Why do things in isolation, when you have a world of people you could call on? Pennsylvania held a symposium where they called in a variety of people to testify, including someone from Massachusetts, which has one of the most onerous [cannabis transportation] policies. Ask experts. Ask somebody who knows what delivery is about.

BZ: How did New Jersey roll out its cannabis program?

It had its problems, just like every other state. It was slow. I testified before the Cannabis Regulatory Commission (CRC). This lovely man rented a space, paying something like $18,000 a month, and the CRC is sitting on it for two years. They haven’t actualized his license. Why? My heart bleeds. I ache for people who are being taken advantage of. It’s just terrible.
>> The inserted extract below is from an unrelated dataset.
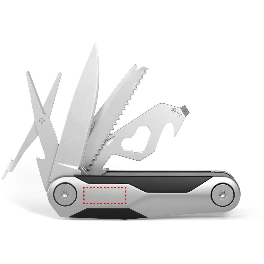 Kompaktes Taschenmesser mit 10 Funktionen: Klinge, Säge, Kapselheber, Schere, Schlitzschraubendreher, Sechskantschlüssel (3), Brief- und Paketöffner, Profiltiefenmesser.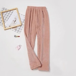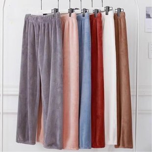裤 睡裤 珊瑚绒冬季 直筒散口宽松大码 子 女秋冬加厚特厚法兰绒长裤

BZ: What do you want potential clients/investors to know about Scarlet Express?

If someone were to come to me and say, “I’ve got $75 million, and I want to have the largest national delivery service,” I would say, because of my background and years of experience in transportation, “I’m a sure bet.” I already built a large company in transportation. My network is very deep across the country. I also understand high-value, compliant delivery, as well as the insurance component and how to scale anywhere.

I’m a problem solver. The basic thing about somebody in logistics, is you have to be able to survive in chaos. And you have to be able to make decisions quickly, turn on a dime. If there’s ever an issue with a driver, we have to send somebody to relay [cargo] wherever it has to go. You have to be able to think quickly.

BZ: With your expertise, you could handle logistics for anything. Why cannabis?

People always ask me, “How do I get in the industry?” Take a skill set. I know delivery and transportation inside and out. And it just seems natural to me because I own the marketing agency and they sort of dovetail together.